While the process used by Swiss researchers to defeat reCAPTCHAv2 was not fully automated and required human intervention, a fully automated process for bypassing CAPTCHA systems may be just around the corner.

“I wouldn't be surprised if this came up in the near future,” said Philip Mack, director of the cybersecurity operations center for a large government agency and an assistant professor at New York University. Decrypt.

In response to bots' improved ability to solve captchas, companies like Google, which released its third-generation reCAPTCHA product in 2018, are steadily increasing the complexity of their products.

“The bots are constantly getting smarter,” said Sandy Carielli, principal analyst at Forrester. “What worked a few weeks ago may not work today.”

“The best players are constantly improving because they have to,” she said. “The evolution is not just to block bots, but to create the right responses to bots that are so expensive that they go elsewhere.”

However, introducing more difficult challenges for bots would add more complexity to the puzzles, making them more inconvenient for humans.

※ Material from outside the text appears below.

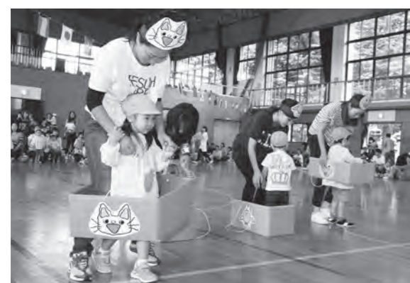
ゴール目指してお母さんと一緒に走ります！

Average users “have to spend more and more time solving captchas and may eventually give up,” says Mack.

While the future of CAPTCHA as a security technology is uncertain, others — including Gene Tudyk, a professor of computer science at the University of California, Irvine — are more pessimistic.

“Only reCAPTCHA and its seeds should go,” Tudyk said. “There are other techniques that are still safe or at least better, but not significant. So it will still be an arms race.

If CAPTCHA fades, there could be dire consequences for many Internet stakeholders unless cybersecurity firms come up with new solutions, Green said.

“If 50% of their users don't know they're real, that's a big problem for advertisers and the people running the service,” Green said. “Cheating was a big problem when you had to hire people to do it, and now it's even worse when you can have AI do the cheating for you.”